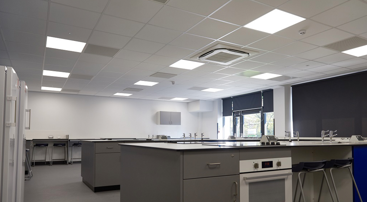 LuxPanel was used for a variety of classroom applications, providing a cost-effective and energy-saving lighting solution. Glare control and adequate illuminance on the vertical combined with good uniformity needs to be considered when lighting schools, in particular, in rooms that are multi-functional. High-efficiency LuxPanels from Luceco provide the ideal solution and have a completely frameless appearance in the ceiling plane and a market-leading efficacy of 152 Llm/cW.
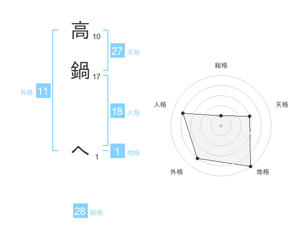 高鍋 へさんの総格は28画の1点!
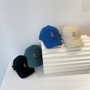 ins春夏儿童水洗做旧棒球网帽潮软顶刺绣男孩女孩嘻...
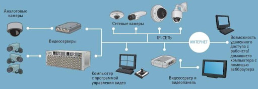 La structure typique des systèmes de vidéosurveillance modernes est très simple : elle contient plusieurs caméras et un module de contrôle (PC ou stockage d'archives vidéo) répartis autour du périmètre. Il comprend également des lignes filaires ou un réseau Wi-Fi local. Avec leur aide, les informations vidéo des caméras sont transmises au périphérique de stockage et aux moniteurs. Pour organiser la surveillance simultanée de plusieurs caméras à la fois, des routeurs sont utilisés.

* **To do**:
Please transcribe exactly the lines from the one containing "ins春夏儿童水洗做旧棒球网帽潮软顶刺绣男孩女孩嘻..." through the final line of the data, including both, and nothing else. Pictures are to be left out.

* **Response to the exercise**:
 ins春夏儿童水洗做旧棒球网帽潮软顶刺绣男孩女孩嘻...
 La structure typique des systèmes de vidéosurveillance modernes est très simple : elle contient plusieurs caméras et un module de contrôle (PC ou stockage d'archives vidéo) répartis autour du périmètre. Il comprend également des lignes filaires ou un réseau Wi-Fi local. Avec leur aide, les informations vidéo des caméras sont transmises au périphérique de stockage et aux moniteurs. Pour organiser la surveillance simultanée de plusieurs caméras à la fois, des routeurs sont utilisés.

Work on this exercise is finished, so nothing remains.